Эти расходы он смог покрыть благодаря щедрости мистера Нэша из Бата, который, получив от него отчет о его положении, немедленно прислал ему пять гиней и обещал содействовать его подписке в Бате всеми своими связями.
С переводом в Ньюгейт он обрел, по крайней мере, свободу от неопределенности и отдых от тревожных превратностей надежды и разочарования; теперь он обнаружил, что его друзья были лишь собутыльниками, готовыми разделить его веселье, но не его несчастья; и поэтому он больше не ожидал от них никакой помощи.
Следует, однако, отметить одного джентльмена, который предложил освободить его, выплатив долг; но мистер Сэвидж не согласился, полагаю, потому, что считал, что уже был слишком обременителен для него. Некоторые из его друзей предлагали собрать средства для его освобождения; но он «встретил это предложение», и заявил, «что снова встретит его с презрением». Что касается написания каких-либо нищенских писем, у него был слишком высокий дух, и он решил писать только некоторым государственным министрам, чтобы попытаться вернуть свою пенсию.
Он продолжал жаловаться на тех, кто отправил его в деревню, и возражал им, что он «потерял доходы от своей пьесы, которая была закончена три года назад»: и в другом письме заявляет о своем решении опубликовать памфлет, чтобы мир узнал, «как с ним обошлись».
Этот памфлет так и не был написан; ибо он в очень короткое время обрел свое обычное спокойствие и с радостью занялся более безобидными штудиями. Он, правда, твердо заявлял, что ему обещали ежегодное пособие в пятьдесят фунтов, а он никогда не получал и половины этой суммы; но он, казалось, смирился с этим, как и с другими несчастьями, и забывал о нем в своих развлечениях и занятиях.
Веселость, с которой он переносил свое заключение, видна из следующего письма, которое он написал 30 января одному из своих друзей в Лондоне.

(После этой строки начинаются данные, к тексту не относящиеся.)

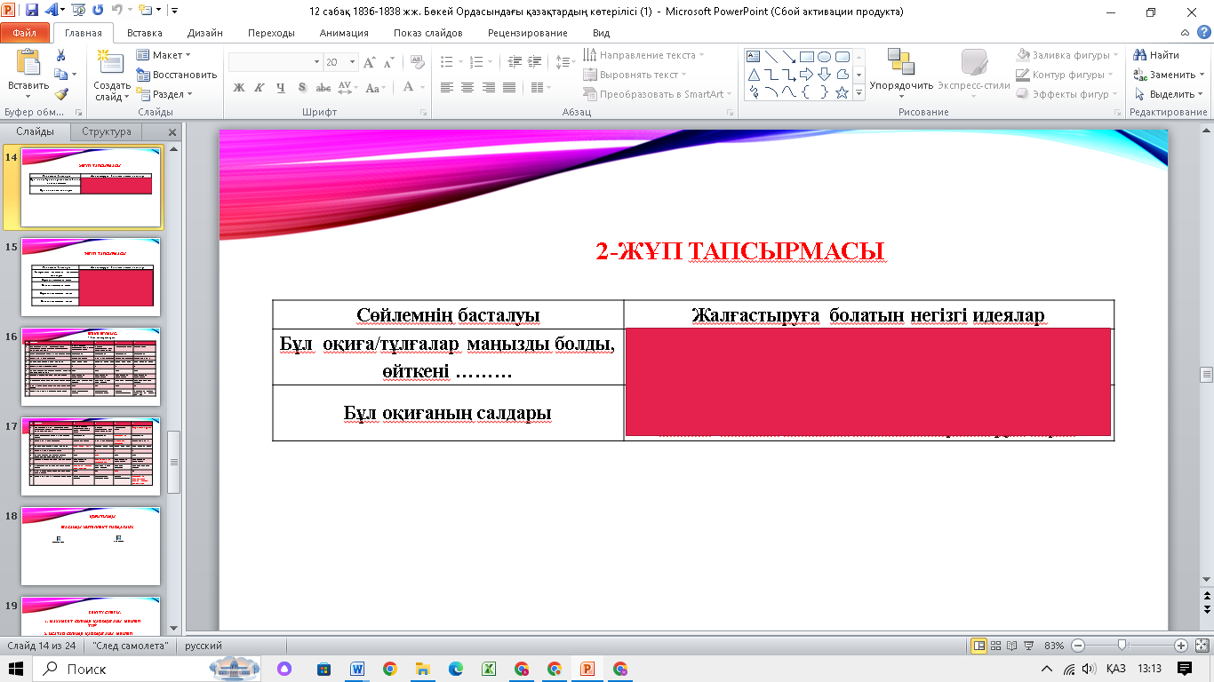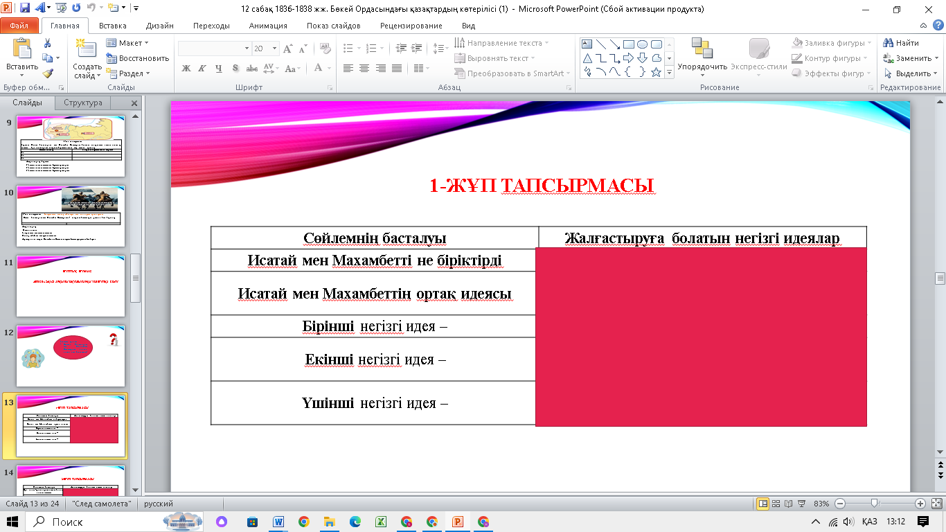 ЖЖ. Зерттеу сұрағы: Исатай Тайманұлы мен Махамбет Өтемісұлын қандай ортақ идея біріктірді? І жұп тапсырмасы

«Я пишу вам теперь из своего заключения в Ньюгейте, где нахожусь с понедельника позапрошлой недели и где наслаждаюсь гораздо большим спокойствием, чем когда-либо за последние двенадцать месяцев; имея комнату целиком в своем распоряжении и предаваясь своим поэтическим штудиям, беспрепятственно и согласно моему умонастроению. Благодарю Всевышнего, я теперь весь собран в себе; и хотя моя особа в заключении, мой разум может рассуждать на обширные и полезные темы со всей мыслимой свободой. Я теперь более сведущ в делах Девяти муз, чем когда-либо, и если, вместо ньюгейтской птицы, мне будет позволено быть птицей муз, уверяю вас, сэр, я пою в своей клетке очень свободно; иногда, правда, жалобными нотами соловья, но в другие моменты — веселыми трелями жаворонка».

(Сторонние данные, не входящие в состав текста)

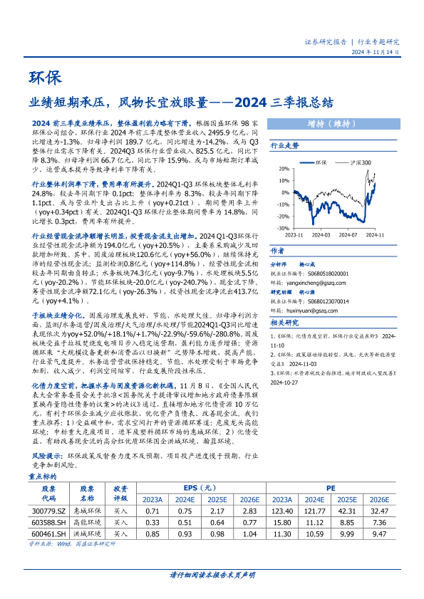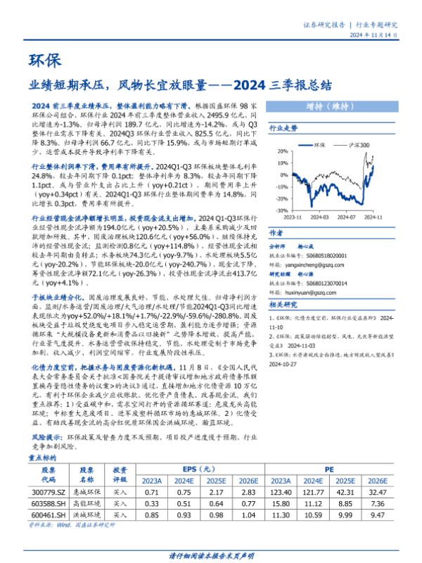 【国盛证券】【20241114】环保行业2024三季报总结:业绩短期承压,风物长宜放眼量-23页

В другом письме он отмечает, что переходит от одной темы к другой, не ограничивая себя какой-либо конкретной задачей; и что одну неделю он был занят одной попыткой, а следующую — другой.
Безусловно, стойкость этого человека заслуживает того, чтобы быть упомянутой с похвалой; и, какие бы пороки ни приписывались ему, добродетель достойного страдания не может быть у него отнята. Две силы, которые, по мнению Эпиктета, составляли мудрого человека, — это терпение и воздержание; нельзя, конечно, утверждать, что Сэвидж обладал ими в равной мере; и, действительно, отсутствие одной вынуждало его очень часто практиковать другую.
Мистер Дагг, тюремный надзиратель, обращался с ним с большой человечностью; содержал его за своим столом, не имея никакой уверенности в вознаграждении; предоставил ему отдельную комнату, в которую он мог в любое время удалиться от всякого беспокойства; позволял стоять у дверей тюрьмы и иногда выводил его в поля; так что в тюрьме он терпел меньше лишений, чем привык испытывать большую часть своей жизни.
Надзиратель не ограничивал свое благодеяние мягким исполнением своих обязанностей, но делал некоторые попытки договориться с кредитором о его освобождении, хотя и безрезультатно; и продолжал, в течение всего времени его заключения, относиться к нему с величайшей нежностью и любезностью.
Добродетель, несомненно, наиболее похвальна в том состоянии, которое делает ее наиболее трудной; и поэтому человечность тюремщика, безусловно, заслуживает этого публичного свидетельства; и человек, чье сердце не очерствело от такой службы, может быть справедливо предложен как образец благожелательности. Если когда-то была выгравирована надпись «честному сборщику пошлин», то не меньших почестей должен быть удостоен «чуткий тюремщик».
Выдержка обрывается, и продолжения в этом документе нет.